10 years on: rebuilding lives affected by the war in Iraq

Ten years ago forces pushed into Iraq in the war that was to liberated the people from the oppressive rule of Saddam Hussein. At least 116,000 people have been killed over these ten years. For many, however, the consequences are a lifetime of learning to live with the the injuries they suffered.

This week the BBC featured the story of one young woman who lost a leg during an air-raid in 2003. You can read Marwan’s story here. Marwan’s story is a reminder that innocent people have suffered, under the regime of Sadam Hussein and in the years that have followed his ouster. Lives have been changed forever, but not often by an encounter with Jesus Christ.

In a context of such violence and risk, the Church has also been suffering. According to a 1987 census there were 1.4 million Christians in Iraq; today, estimates suggest that there are less than 400,000. Instability and the fear of the rise of Islamic fundamentalism are two of the reasons behind this exodus.
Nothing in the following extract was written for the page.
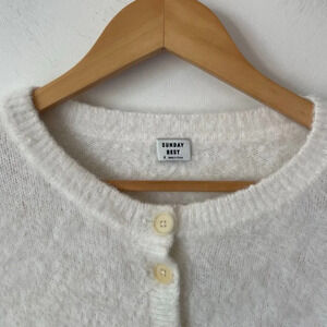 Aritzia Sunday Best Fuzzy Soft Cropped Effie Cardigan Short Sleeve White Small
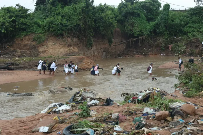 ABAFUNDI baseZwelisha abafunda ezikoleni ezehlukene ePhoenix bewela umfula Isithombe: SIBONELO NGCOBO/INDEPENDENT MEDIA

But then there is the story of ministry in the midst of this troubled land. Canon Andrew White, Vicar of St George’s Church – exposed in the heart of Baghdad’s Red Zone, leads a ministry of relief and reconciliation that brings hope for the future. The focus of the work of St George’s is providing a spiritual home, medical care and humanitarian relief as well as promoting reconciliation amongst different religious groups.

In his blog on 18 February, Canon White wrote: If I were to sum up this past weekend it has indeed been a time of intense suffering and glory. There have been moments when I have felt so ill physically and so emotionally down that I have very unusually wondered how I could go on. Then the bombings have been so terrible 10 on Saturday morning alone. Scores killed and hundreds injured. The media rarely reports what is happening here now because it is such old news. In the midst of all this we have our services. In the US Embassy on Saturday morning we had our usual time of prayer requests and thanksgiving. My Iraqi adopted daughter Lina spoke up saying. “I just want to thank G-d that He has provided for me so much that I literally need nothing”. Lina was saying this living in the midst of war and terror.

The many Marwan’s in Iraq need our prayers as they rebuild their lives, desperately in need of Jesus; the Christian’s and Church in Iraq need our prayers as they live with the fears and uncertainties of this changing country; Workers, including Canon Andrew White and the people of St George’s Church, need our prayers as they live light and salt in such overwhelming darkness.